Ho guardato quel micetto.
Miagolava come se mi conoscesse da sempre.
Ho detto:
“Lascialo qui. Torna venerdì.”
Abbiamo curato la gamba, nutrito ogni due ore.
Lo abbiamo chiamato Boomer.
L’uomo tornò con una torta di mele mezza mangiata e gli occhi pieni di lacrime.
Disse che nessuno gli aveva mai restituito qualcosa senza prima chiedergli cosa avesse da offrire.
Gli ho risposto:
“Gli animali non chiedono il tuo passato. Solo come li tratti adesso.”
Ho un cassetto nella mia scrivania, chiuso a chiave.
Dentro: foto, biglietti, collari, targhette.

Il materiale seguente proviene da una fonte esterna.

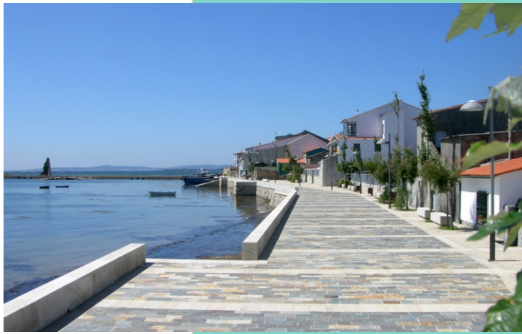
Paseo marítimo en San Tomé
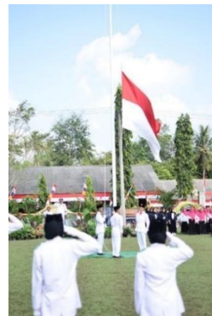
GAMBAR 2. 8 UPACARA HUT-RI KE-77
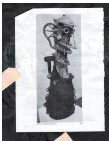
UKÁZKA rozpracovaného samizdatového časopisu Vysočinná. U obrázku je popiska: Neštovice - kombinovaná technika.

Slovinská vláda přijímá řadu ústavních dodatků, které jí umožní vystoupit z jugoslávské federace.
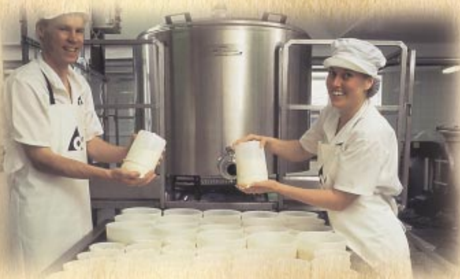
Polivalente e tavolo per la trasformazione del latte in formaggio
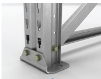
Detalle pie de apoyo
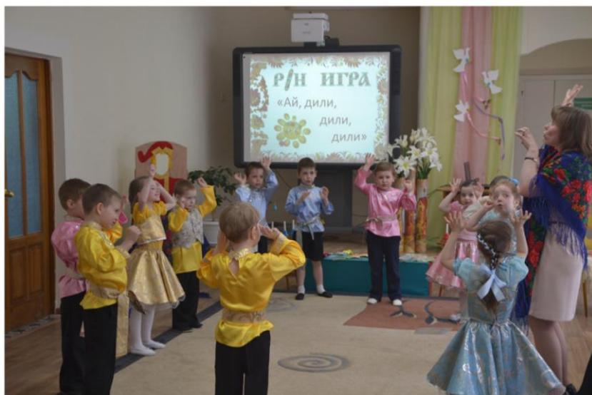
Русская народная игра "Ай, дили, дили, дили"
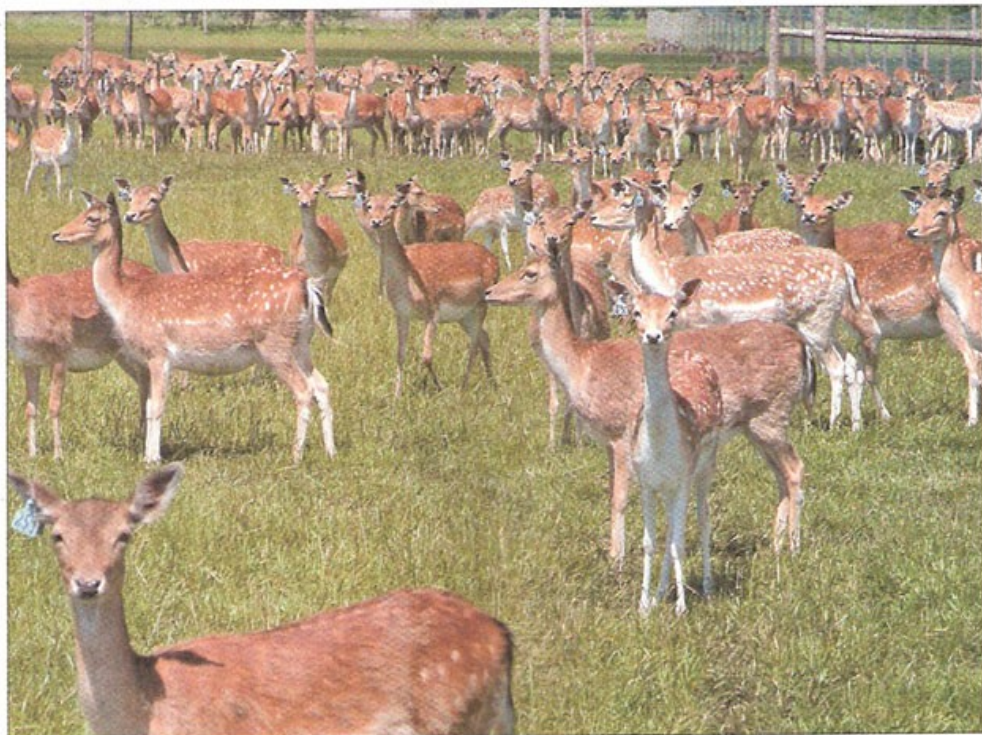
■ W Przynotecku hodowla danieli zajmuje obszar 53 ha, podzielony na 3-, 5-hektarowe kwatery. Obecnie w stadzie podstawowym utrzymywanych jest około 700 łań.

W pierwszym etapie rozwoju hodowli zakupiono 350 zacielenych łań i 20 byków. Dodatkowo, by zapewnić dużą różnorodność genetyczną, sprowadzili pewną ilość zwierząt z hodowli węgierskiej i austriackiej. Zakupione zwierzęta były w wieku od 2 do 6 lat. Daniele przed zakupem przeszły ostrą selekcję, aby wyeliminować chore i słabe osobniki. Dzięki temu obecnie stało ich około 700 łań.
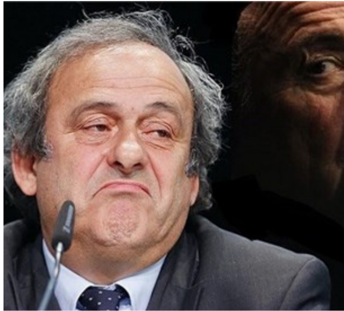
انتخابات ریاست فیفا در تاریخ ۲۶ فبروری ۲۰۱۶ برگزار می شود تا جانشین سب بلاتر مشخص شود. میشل پلاتینی، رییس اتحادیه فوتبال اروپا (یوفا) یکی از کاندیداهای تکیه بر صندلی ریاست فیفاست.

رییس فیفا مدعی شد پلاتینی او را تهدید کرده که به زندان خواهد انداخت. در اواخر ماه می ۲۰۱۵ پس از بر ملا شدن فسادهای اداری و مالی در فدراسیون جهانی فوتبال، به درخواست مستولان قضایی آمریکا شماری از مستولان این نهاد و رابطان آنها توسط پلیس سوییس دستگیر شدند تا تحقیقاتی در این زمینه صورت بگیرد. در پی این ماجرا، سب بلاتر در تاریخ دوم جون ۲۰۱۵ (۱۲ خرداد) به فاصله چهار روز پس از انتخاب شدنش به عنوان رییس فیفا برای پنجمین دوره متوالی، از سمت خود کناره گیری کرد. رییس سوئیسی فدراسیون جهانی فوتبال مدعی شده میشل پلاتینی، رییس اتحادیه فوتبال اروپا (یوفا) که خود کاندیدای ریاست انتخابات پیش روی فیفا شده، در پشت پرده دست به کارهای کثیفی زده است. بلاتر در گفت و گو با روزنامه هلندی «De Volkskrant» گفت: پلاتینی یک روز که با برادر من برای خوردن ناهار دور یک میز نشسته بودند به او گفته که سب باید پیش از انتخابات کنار بکشد یا اینکه به زندان خواهد افتاد. یک شاهد عینی که نامش فاش نشده به این روزنامه هلندی گفت که در پی این اظهار نظر پلاتینی، اشک برادر بلاتر در آمده است. پلاتینی از اظهار نظر در این خصوص طفره رفته هر چند یکی از اعضای اتحادیه فوتبال اروپا گفت: این داستان دورغین، تازه ترین مجموعه تلاش های فیفا برای منحرف کردن اذهان عمومی از مشکلات حقیقی که فیفا با آن دست و پنجه نرم می کند، است. وی افزود: پلاتینی ترجیح داده که پاسخ این اتهامات مضحک را ندهد. رییس یوفا در حال حاضر در حال تهیه برنامه ای است تا بتواند از آن طریق به فدراسیون جهانی فوتبال کمک کند تا چهره و شهرت خود را از فساد پاک کند.
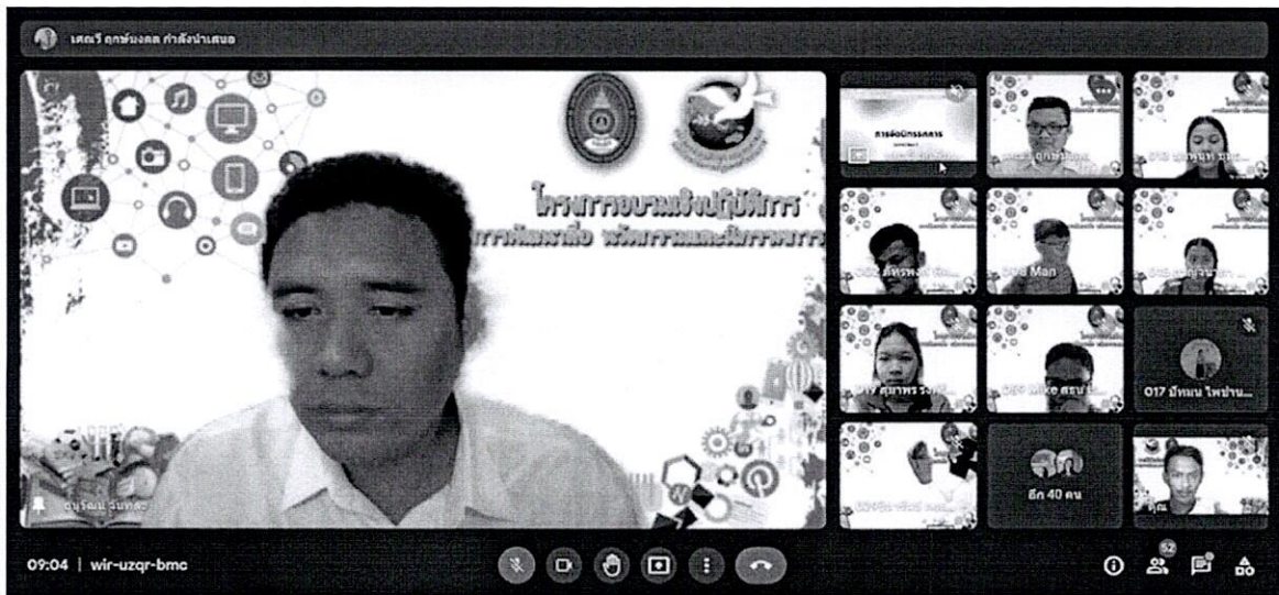
ภาพที่ 3 อบรมเชิงปฏิบัติการ “การจัดป๋ายนิทรรศการ”
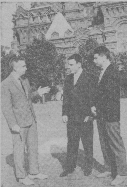
Советские космонавты на Красной площади в Москве. Слева направо — К. П. ФЕОКТИСТОВ, В. М. КОМАРОВ и Б. Б. ЕГОРОВ

ПРОГРАММА НАУЧНЫХ ИССЛЕДОВАНИЙ ВЫПОЛНЕНА ПОЛНОСТЬЮ ЭКИПАЖ ЗВЕЗДОЛЕТА ВЛАДИМИР КОМАРОВ, КОНСТАНТИН ФЕОКТИСТОВ И БОРИС ЕГОРОВ ЧУВСТВУЮТ СЕБЯ ХОРОШО
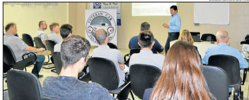
Presidente da Federação Nacional palestrou na oportunidade

A cerimônia de filiação do Veteran Car encerrou com um almoço de confraternização na Lagoa da Harmonia. O grupo teutoniense realiza reuniões todo terceiro domingo do mês na Prefeitura de Teutônia ou, então, participa de encontros pelo Estado.
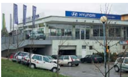
AVTOHIŠA ADRIA, ADRIA PLUS d.o.o., PE KRŠKO, Cesta krških žrtev 137, 8270 Krško 07 / 490 57 90
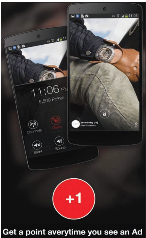
Get a point everytime you see an Ad

● جميع المشاركين كان لديهم مؤهلات ومواهب ومهارات لكن أن تختلط برواد التكنولوجيا فهذا يعني كسب العديد من المهارات والخبرات وتطويرها.
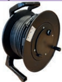
CAT-6A PUR op Schill haspel

Un osso da latte di un border collie che salvò un ragazzo dall’annegamento.
Un’impronta di zampa in argilla.
Un disegno a pastello di una bambina che mi definì il suo eroe perché le avevo salvato il criceto.
Ogni tanto lo apro, quando la clinica è buia e le mani sono ferme.
E ricordo.
Ricordo quando essere veterinario significava guidare nel fango a mezzanotte perché una mucca stava partorendo e tu eri l’unico in cui si fidavano.
Quando cucivamo con lenza da pesca e speranza.
Quando tenevamo in braccio gli animali... e anche i loro umani.
Se c’è una cosa che ho imparato, è questa:
Non puoi salvarli tutti.
Ma devi provarci. Sempre.
E quando arriva il momento di dirsi addio, tu resti.
Non ti muovi.
Ti inginocchi.
Li guardi negli occhi.
E resti lì, fino all’ultimo respiro.
Nessuna scuola ti prepara a questo.
Ma è ciò che ti rende umano.
E io, tutto questo, non lo cambierei per nulla al mondo.